= Ben Dirs =

British freelance writer & journalist

Ben Dirs is a freelance writer and journalist. He was a sports journalist for the BBC news website from 2001 to 2017. Whilst at the BBC he covered a wide range of major sporting events. He provided live blogging on sports including boxing, golf and rugby for people who cannot watch live television coverage, often for people who live abroad.

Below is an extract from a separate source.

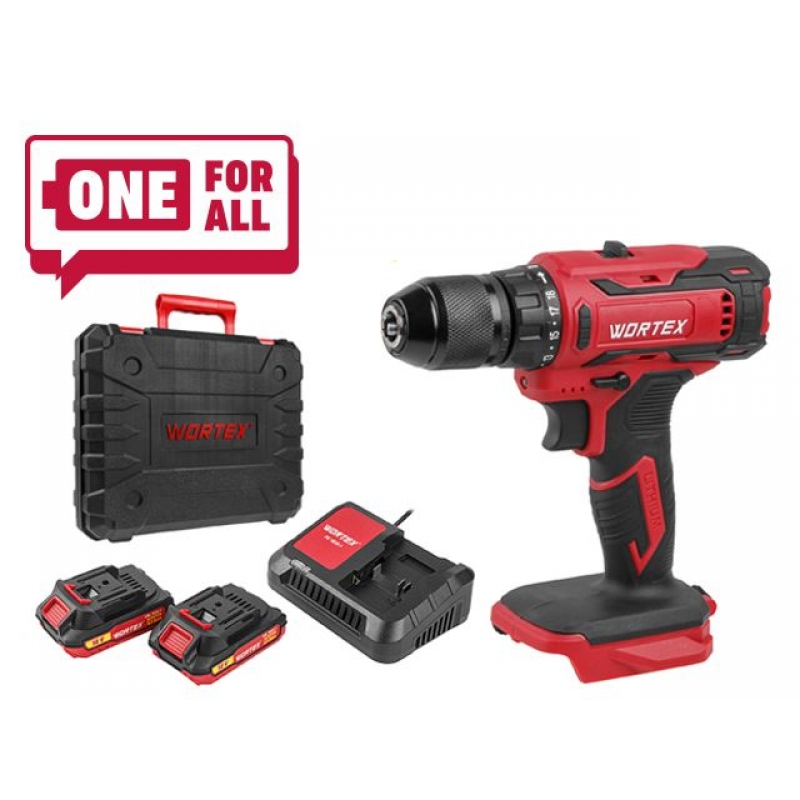 Аккумуляторная дрель-шуруповерт входит в линейку WORTEX ALL1 на одном аккумуляторе.
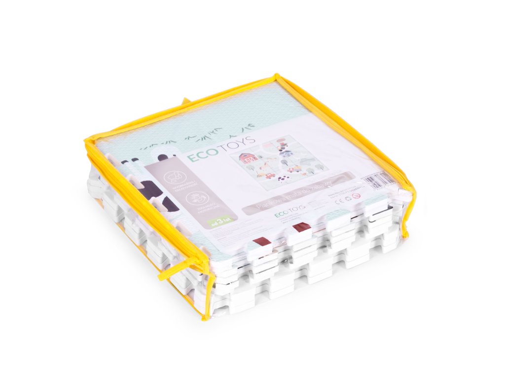 - Podložka se skládá z 9 barevných čtverců a 12 dalších prvků které mají na okrajích speciální "zoubky", takže je lze volně kombinovat. Tloušťka podložky ( 1 cm ) poskytuje dostatečnou ochranu proti pádu a je příjemně měkká.

Dirs is the author of seven books.

- We Could be Heroes: One Van, Two Blokes and Twelve World Championships with Tom Fordyce published 3 July 2009, charting the madcap escapades that resulted from trying to become the world champion in something.
- Karma Chameleons: No-one said the search for happiness would be dignified was published in 2010.
- Everywhere We Went: Top Tales from Cricket's Barmy Army about the Barmy Army was published in 2012.
- The Hate Game: Benn, Eubank and Boxing's Bitterest Rivalry, documenting the boxing matches between Nigel Benn and Chris Eubank was published in 2013.
- Box to Box: From Premier League to British Boxing Champion, the autobiography of Curtis Woodhouse was published in 2016.
- 401: The Extraordinary Story of the Man who Ran 401 Marathons in 401 Days and Changed his Life Forever (2018)
- Death Row – The Final Minutes (2018)
- “Too Many Reasons to Live” the Rob Burrow Story 2021.